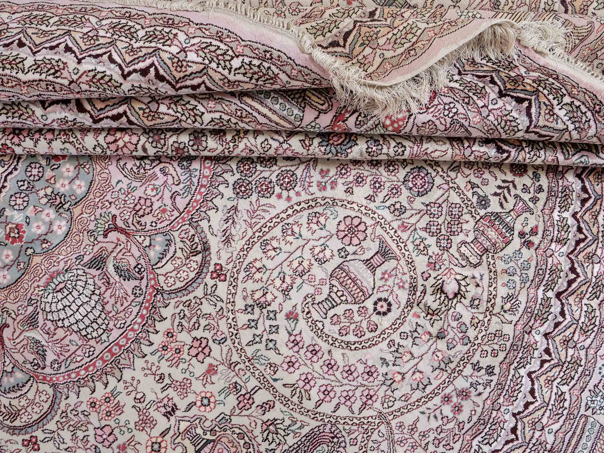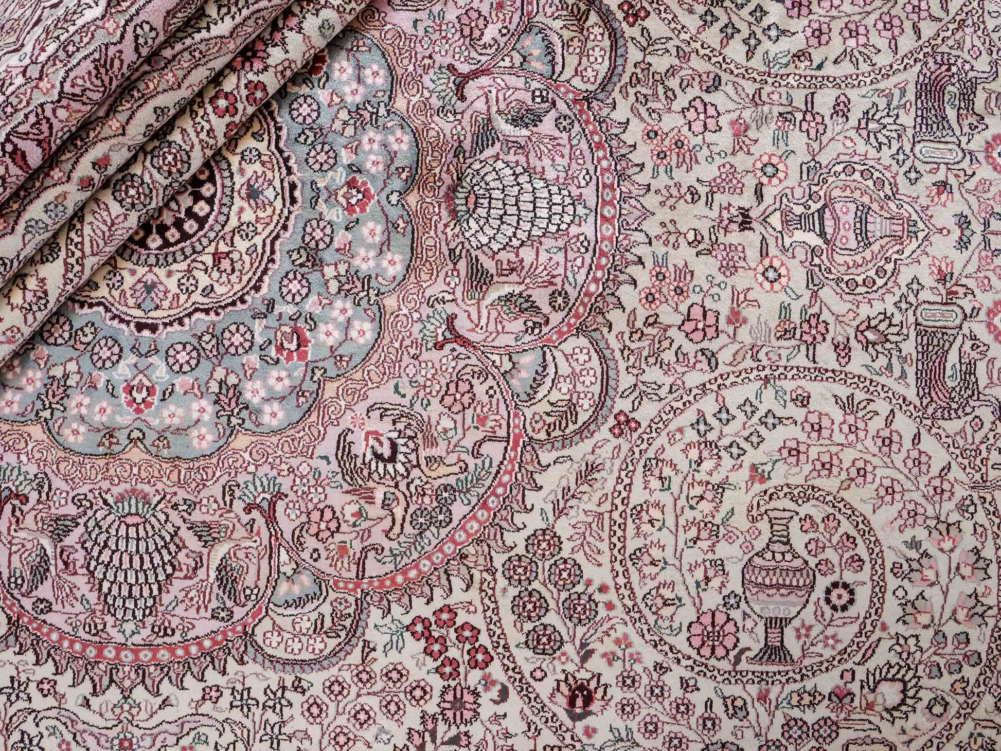 Wool with Silk: These rugs require particularly careful storage, as the combination of wool and silk makes both materials sensitive. Store them in a cool, dry place away from direct sunlight. A constant temperature of about 18 degrees Celsius is ideal. Use breathable cotton dust covers to protect the rug while ensuring ventilation. Regular inspections help to detect mold and pests early.
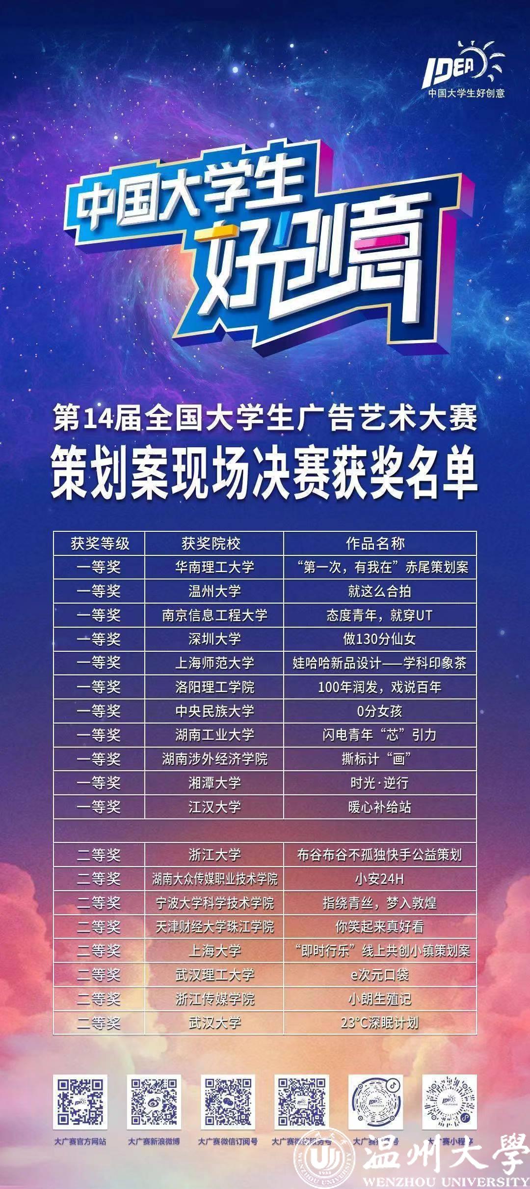 据悉,大广赛策划案类别比赛是全国大广赛中门类最复杂、要求最高的比赛类型,我校在该类型赛事上一向表现卓越,每一年都有策划案类别的全国等级奖项,今年除了决赛而出的《就这么合拍》一等奖,还有《中国可乐有“股气”》《现充青年》两项二等奖和《“银发冲浪”计划》等五项全国优秀奖。温大广告专业是我校省特色专业,以培养高素质应用型广告与文化创意人才为根本诉求,强化多元化学科竞赛,在学科竞赛上成果丰硕。近年来,广告学专业学生参加国家级、省部级以及行业协会等各类赛事获奖达100多项,在全国大学生广告艺术大赛中,获得了全国一等奖4项、二等奖7项、三等奖11项、优秀奖13项;“互联网+”大赛国家级银奖;在最近三届上海国际广告节新锐挑战营中,获得冠军一项,亚军两项,季军一项。
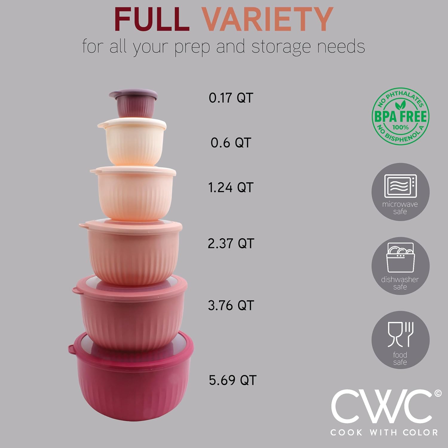 COOK WITH COLOR Prep Bowls with Lids- Wide and Deep Nesting Plastic Small Mixing Bowl Set with Lids, 12 Piece Set - Deep Bowls, Rose

DIRECTIONS:
When you repeat the material above, keep every word exact and leave out the pictures.

RESULT OF THE EXERCISE:
 Wool with Silk: These rugs require particularly careful storage, as the combination of wool and silk makes both materials sensitive. Store them in a cool, dry place away from direct sunlight. A constant temperature of about 18 degrees Celsius is ideal. Use breathable cotton dust covers to protect the rug while ensuring ventilation. Regular inspections help to detect mold and pests early.
 据悉,大广赛策划案类别比赛是全国大广赛中门类最复杂、要求最高的比赛类型,我校在该类型赛事上一向表现卓越,每一年都有策划案类别的全国等级奖项,今年除了决赛而出的《就这么合拍》一等奖,还有《中国可乐有“股气”》《现充青年》两项二等奖和《“银发冲浪”计划》等五项全国优秀奖。温大广告专业是我校省特色专业,以培养高素质应用型广告与文化创意人才为根本诉求,强化多元化学科竞赛,在学科竞赛上成果丰硕。近年来,广告学专业学生参加国家级、省部级以及行业协会等各类赛事获奖达100多项,在全国大学生广告艺术大赛中,获得了全国一等奖4项、二等奖7项、三等奖11项、优秀奖13项;“互联网+”大赛国家级银奖;在最近三届上海国际广告节新锐挑战营中,获得冠军一项,亚军两项,季军一项。
 COOK WITH COLOR Prep Bowls with Lids- Wide and Deep Nesting Plastic Small Mixing Bowl Set with Lids, 12 Piece Set - Deep Bowls, Rose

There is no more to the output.